Swedish ice hockey player (born 1989)

Mikael Backlund (born 17 March 1989) is a Swedish professional ice hockey player who is a centre and captain of the Calgary Flames of the National Hockey League (NHL).

Backlund was a first round selection, 24th overall, of the Flames in the 2007 NHL entry draft, and made his NHL debut in 2008–09. He played junior hockey for VIK Västerås HK in the J20 SuperElit and the Kelowna Rockets of the Western Hockey League (WHL). He was a member of Kelowna's WHL championship team in 2009.

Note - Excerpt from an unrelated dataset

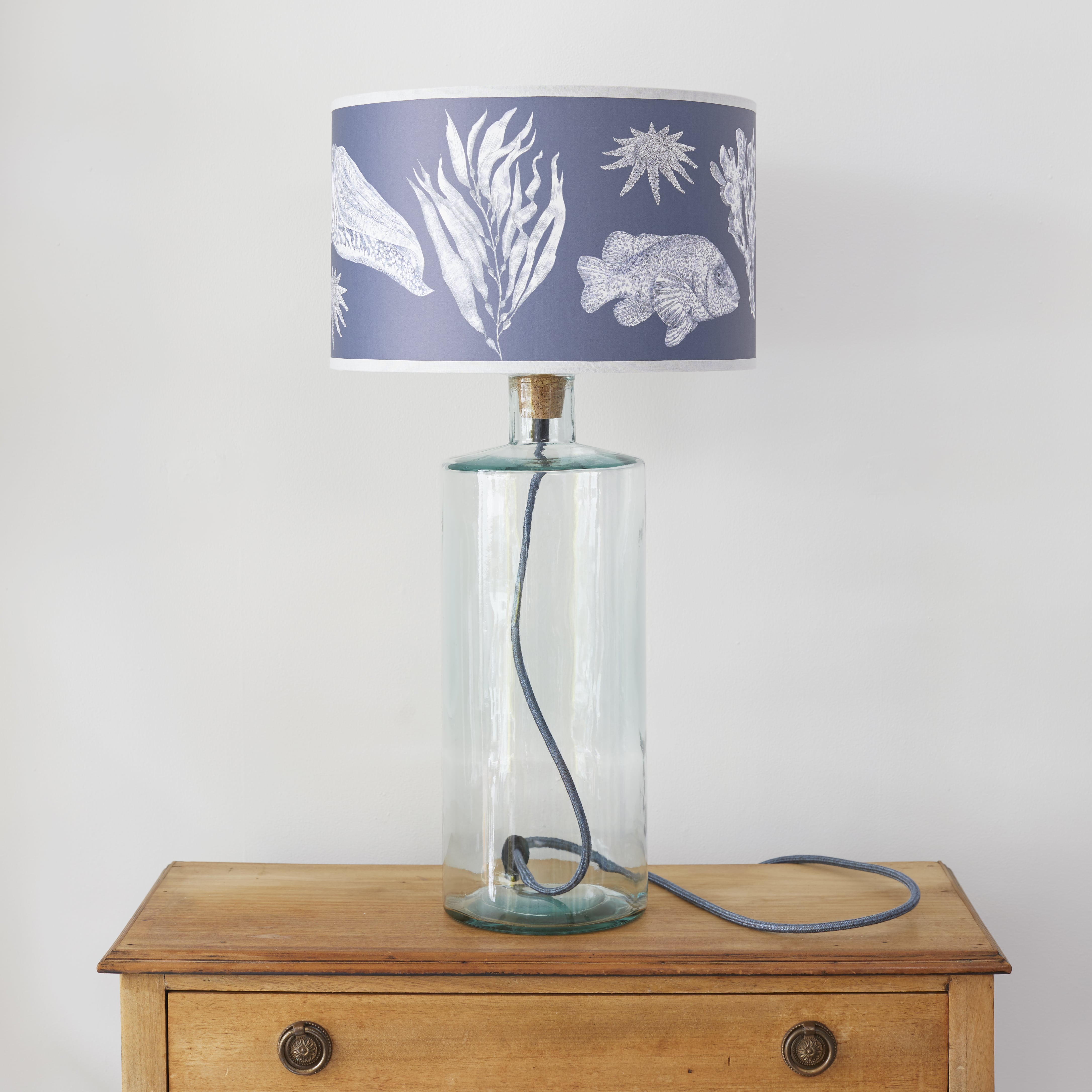 Beautiful recycled glass base with blue / grey fleck fabric cord, complete with a Solent Snapper design lampshade, in full Quink ink blue shade. The base is 46cm tall coupled with a 30cm diameter and 19cm height shade.
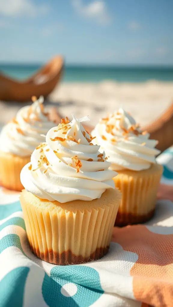 These Coconut Cream Pie Cupcakes are a delightful treat perfect for summer. The image shows three beautifully frosted cupcakes topped with toasted coconut flakes. They sit on a colorful beach towel, with a serene ocean backdrop, making them look even more inviting.

Internationally, Backlund has represented Sweden on several occasions—he was a member of two silver medal-winning teams at the World Junior Championship, and has won a bronze, silver and gold medals with the Swedes at the World Championship.

==Playing career==

===Västerås HK===
Backlund began his junior hockey career with the VIK Västerås HK organization in the J20 SuperElit, Sweden's premier junior league. His impressive two-way play earned him the opportunity to play for Västerås' senior team in the second-tier HockeyAllsvenskan as a 16-year-old. In his debut on 2 November 2005, during an away game against Växjö Lakers, Backlund scored a goal in the first period of a 4–0 win and was selected as the player of the game for his team. He tallied four points in his 12 games in HockeyAllsvenskan during the 2005–06 season. That same season, Backlund was dominant in the 2006 TV-pucken, a national under-17 tournament in Sweden played among districts. Leading the tournament in goal- and point-scoring, he was selected as the most valuable player and given the Sven Tumba Award as best forward in the tournament.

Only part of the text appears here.